Pour les soignants, il s'agit parfois d'aller au plus vite, quand il y a urgence. La rapidité est alors une qualité nécessaire, au même titre que la compétence et l'efficience de l'organisation collective.
La recherche médicale, l'évaluation des pratiques et des produits de santé, nécessitent un temps bien plus long que celui de l'urgence des soins. La tendance des dernières années à raccourcir le temps de l'évaluation des médicaments, au motif d'une urgence de l'accès aux nouveaux médicaments, s'est accentuée avec la pandémie de covid-19, révélant de nombreux enjeux éloignés des soins. Ainsi le vaccin russe semble porter, sous son nom de Spoutnik V, la volonté d'un président de mettre en avant son pays. Outre-Atlantique, le président des États-Unis d'Amérique a régulièrement enjoint à l'Agence du médicament de son pays d'autoriser en urgence divers traitements de la maladie covid-19, sans tenir compte des données d'évaluation, dans un but apparemment surtout électoraliste.

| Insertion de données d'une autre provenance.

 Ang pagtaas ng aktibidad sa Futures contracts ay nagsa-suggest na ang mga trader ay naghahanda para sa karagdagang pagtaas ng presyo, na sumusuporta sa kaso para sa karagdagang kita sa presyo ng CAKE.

La firme Gilead est allée vite pour être la première firme à obtenir une autorisation de mise sur le marché (AMM) d'un antiviral dans cette maladie, avec le remdésivir (Veklury°). L'Agence européenne du médicament (EMA) a donné de manière précipitée un avis favorable à l'octroi d'une AMM pour ce médicament, sur la base de données cliniques très limitées, après que la FDA en a autorisé l'utilisation en urgence.
Le 13 juillet 2020, soit quelques jours après l'octroi de cette AMM européenne en juillet dernier, Prescrire a publié dans l'espace "Dans l'actualité" de l'Application Prescrire et sur son site internet une analyse concise des données d'évaluation clinique alors disponibles sur le remdésivir, pour fournir des repères immédiats utiles aux soignants. Cela leur a permis de constater le peu de résultats démontrés et concrets pour les patients. Par ce canal d'informations, les soignants ont aussi été informés, à plusieurs reprises à partir de mars 2020, de l'absence de preuve de l'efficacité de l'hydroxychloroquine (Plaquénil°), associée ou non, quel que soit le stade de la maladie covid-19 (lire aussi "Dans l'actualité. Covid-19 et hydroxychloroquine (Plaquénil°) : pas d'efficacité démontrée, y compris dans les formes sans gravité" du 24 juillet 2020). Et aussi de l'intérêt de la dexaméthasone (Dectancyl° ou autre) pour certains patients (lire aussi "Dans l'actualité. Covid-19 et troubles respiratoires graves : dans un essai, mortalité réduite par la dexaméthasone" du 24 juin 2020), et de la place de l'anticoagulation (lire aussi "Dans l'actualité. Patients atteints de covid-19 restant à domicile : anticoagulant rarement justifié" du 24 septembre 2020).
Prescrire a en plus mené en parallèle un travail de fond selon ses méthodes habituelles et rigoureuses d'analyse approfondie des données d'évaluation du remdésivir (lire aussi "remdésivir (Veklury°) et covid-19").
En deux temps, Prescrire poursuit ainsi sa mission. Pour permettre aux soignants de disposer de repères rapides distinguant faits, hypothèses et opinions. Et pour aider à faire des choix documentés et raisonnés, sans céder aux espoirs infondés. Sans confondre urgence et précipitation.